[[ SOURCE MATERIAL, beginning ]]

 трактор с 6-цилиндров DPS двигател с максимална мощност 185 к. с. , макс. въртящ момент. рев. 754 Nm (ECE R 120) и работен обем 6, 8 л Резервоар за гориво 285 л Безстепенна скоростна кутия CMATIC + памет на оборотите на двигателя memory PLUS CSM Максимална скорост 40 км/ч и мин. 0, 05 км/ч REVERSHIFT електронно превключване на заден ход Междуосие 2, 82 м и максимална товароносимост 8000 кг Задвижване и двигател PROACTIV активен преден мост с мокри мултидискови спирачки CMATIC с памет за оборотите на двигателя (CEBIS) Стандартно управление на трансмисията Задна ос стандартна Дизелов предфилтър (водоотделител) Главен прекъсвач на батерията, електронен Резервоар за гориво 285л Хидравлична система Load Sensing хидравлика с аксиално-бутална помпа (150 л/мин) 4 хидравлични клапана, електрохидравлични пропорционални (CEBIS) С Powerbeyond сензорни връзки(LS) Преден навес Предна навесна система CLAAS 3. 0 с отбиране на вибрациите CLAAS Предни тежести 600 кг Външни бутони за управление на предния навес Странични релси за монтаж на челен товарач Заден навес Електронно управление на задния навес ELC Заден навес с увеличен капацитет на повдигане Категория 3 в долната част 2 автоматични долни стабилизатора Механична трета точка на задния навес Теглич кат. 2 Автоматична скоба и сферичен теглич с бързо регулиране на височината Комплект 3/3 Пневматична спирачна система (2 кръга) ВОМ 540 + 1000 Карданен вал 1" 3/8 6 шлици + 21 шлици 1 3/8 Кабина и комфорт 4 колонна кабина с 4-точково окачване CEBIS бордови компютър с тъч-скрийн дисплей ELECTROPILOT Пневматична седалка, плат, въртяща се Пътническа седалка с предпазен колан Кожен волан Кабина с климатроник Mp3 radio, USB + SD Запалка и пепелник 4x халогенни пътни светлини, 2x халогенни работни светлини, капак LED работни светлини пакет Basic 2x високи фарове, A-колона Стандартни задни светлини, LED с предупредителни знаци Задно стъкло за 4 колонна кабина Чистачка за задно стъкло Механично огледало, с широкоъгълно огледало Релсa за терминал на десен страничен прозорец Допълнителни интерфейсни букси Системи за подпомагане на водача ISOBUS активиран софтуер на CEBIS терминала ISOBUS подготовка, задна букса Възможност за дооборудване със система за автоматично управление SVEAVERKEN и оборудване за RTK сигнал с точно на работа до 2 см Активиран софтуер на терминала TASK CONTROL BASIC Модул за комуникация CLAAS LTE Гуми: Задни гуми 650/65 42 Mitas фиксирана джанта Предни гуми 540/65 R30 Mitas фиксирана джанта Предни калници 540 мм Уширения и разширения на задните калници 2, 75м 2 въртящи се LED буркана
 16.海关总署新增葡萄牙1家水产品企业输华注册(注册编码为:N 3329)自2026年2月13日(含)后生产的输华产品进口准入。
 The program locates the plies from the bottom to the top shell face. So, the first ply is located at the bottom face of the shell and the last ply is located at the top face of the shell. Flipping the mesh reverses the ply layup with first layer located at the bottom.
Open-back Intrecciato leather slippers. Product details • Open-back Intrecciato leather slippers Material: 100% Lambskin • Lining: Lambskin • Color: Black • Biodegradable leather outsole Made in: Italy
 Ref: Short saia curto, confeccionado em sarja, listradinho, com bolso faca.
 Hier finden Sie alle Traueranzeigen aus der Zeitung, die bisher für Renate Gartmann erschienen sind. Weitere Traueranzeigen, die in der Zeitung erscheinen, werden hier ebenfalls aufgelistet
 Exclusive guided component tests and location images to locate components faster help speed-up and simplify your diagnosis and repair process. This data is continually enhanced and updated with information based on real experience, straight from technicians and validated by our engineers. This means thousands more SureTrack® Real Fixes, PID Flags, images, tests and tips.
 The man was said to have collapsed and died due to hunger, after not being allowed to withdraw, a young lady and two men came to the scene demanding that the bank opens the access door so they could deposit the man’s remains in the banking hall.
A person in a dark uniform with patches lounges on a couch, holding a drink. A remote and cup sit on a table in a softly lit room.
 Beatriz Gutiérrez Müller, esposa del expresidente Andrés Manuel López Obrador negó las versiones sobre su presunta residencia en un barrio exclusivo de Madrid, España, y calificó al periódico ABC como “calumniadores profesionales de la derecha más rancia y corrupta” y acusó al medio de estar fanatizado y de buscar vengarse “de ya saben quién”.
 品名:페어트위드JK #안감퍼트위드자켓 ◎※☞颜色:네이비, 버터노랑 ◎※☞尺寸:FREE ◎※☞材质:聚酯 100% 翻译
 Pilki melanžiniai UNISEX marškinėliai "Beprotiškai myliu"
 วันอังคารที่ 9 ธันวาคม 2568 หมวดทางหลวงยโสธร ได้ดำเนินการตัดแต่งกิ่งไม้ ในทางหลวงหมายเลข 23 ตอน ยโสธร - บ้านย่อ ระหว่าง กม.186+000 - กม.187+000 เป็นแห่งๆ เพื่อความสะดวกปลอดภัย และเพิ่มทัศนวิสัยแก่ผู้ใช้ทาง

[[ SOURCE MATERIAL, end ]]

WORK TASK — After locating the line containing "品名:페어트위드JK #안감퍼트위드자켓 ◎※☞颜色:네이비, 버터노랑", give that line and every later line of the listing again exactly, up to and including the last.

ANSWER FOR THE TASK —
 品名:페어트위드JK #안감퍼트위드자켓 ◎※☞颜色:네이비, 버터노랑 ◎※☞尺寸:FREE ◎※☞材质:聚酯 100% 翻译
 Pilki melanžiniai UNISEX marškinėliai "Beprotiškai myliu"
 วันอังคารที่ 9 ธันวาคม 2568 หมวดทางหลวงยโสธร ได้ดำเนินการตัดแต่งกิ่งไม้ ในทางหลวงหมายเลข 23 ตอน ยโสธร - บ้านย่อ ระหว่าง กม.186+000 - กม.187+000 เป็นแห่งๆ เพื่อความสะดวกปลอดภัย และเพิ่มทัศนวิสัยแก่ผู้ใช้ทาง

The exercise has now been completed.